Brontë Cup
- Class: Group 3
- Location: York Racecourse York, England
- Inaugurated: 2018; 8 years ago
- Race type: Flat / Thoroughbred
- Sponsor: William Hill
- Website: York

Race information
- Distance: 1m 5f 188y (2,787m)
- Surface: Turf
- Track: Left-handed
- Qualification: Four-years-old and up fillies & mares
- Purse: £100,000 (2025)

= Brontë Cup =

Flat horse race in Britain

The Brontë Cup Fillies' Stakes is a Group 3 flat horse race in Great Britain open to fillies and mares aged four years or older.

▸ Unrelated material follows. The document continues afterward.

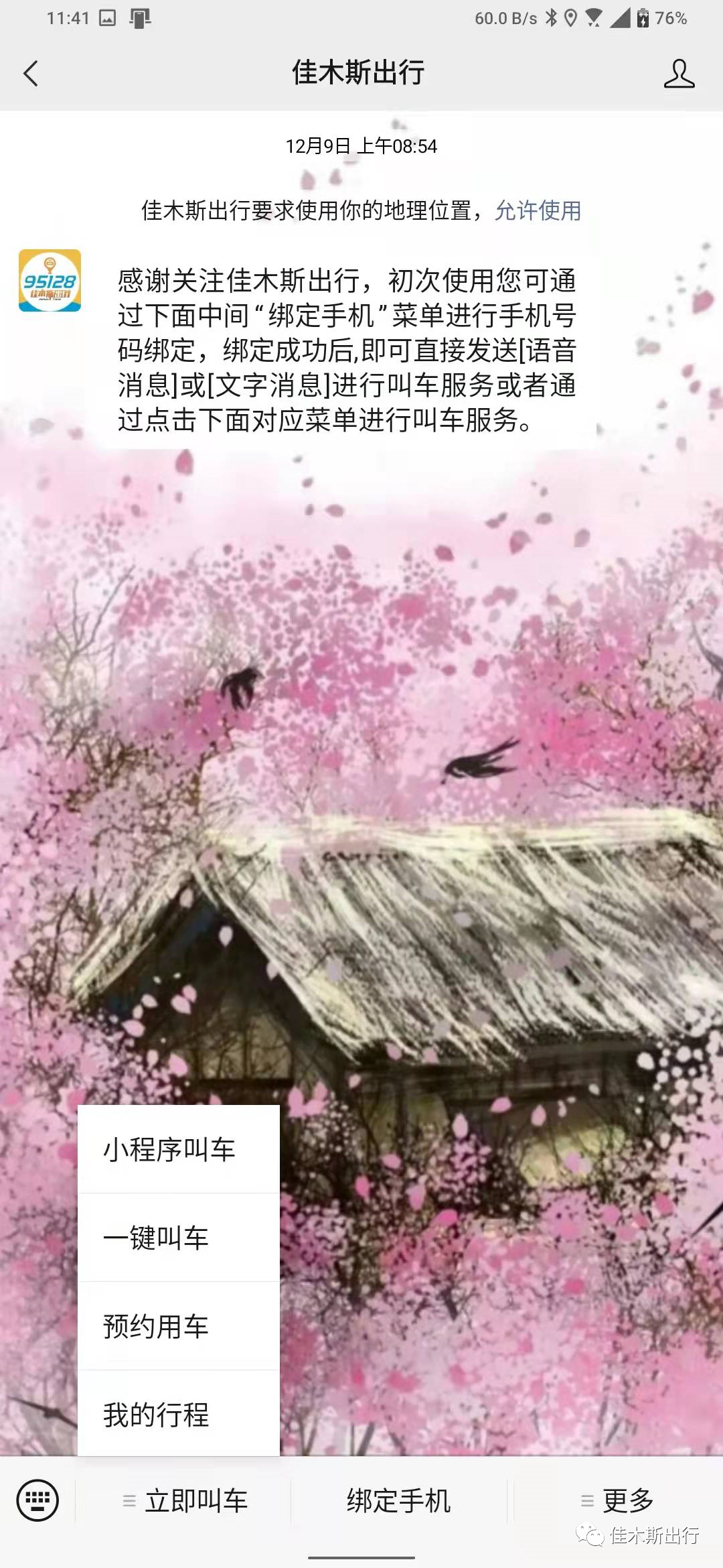 同时我公众号平台及“佳木斯出行”APP还支持预约用车的服务功能。

It is run at York over a distance of 1 mile, 5 furlongs and 188 yards (2,787 metres), and is scheduled to take place each year in late May.

==History==
The Brontë Cup was introduced in 2018 as part of the European Pattern Committee's commitment to improving the race programme for stayers in Europe.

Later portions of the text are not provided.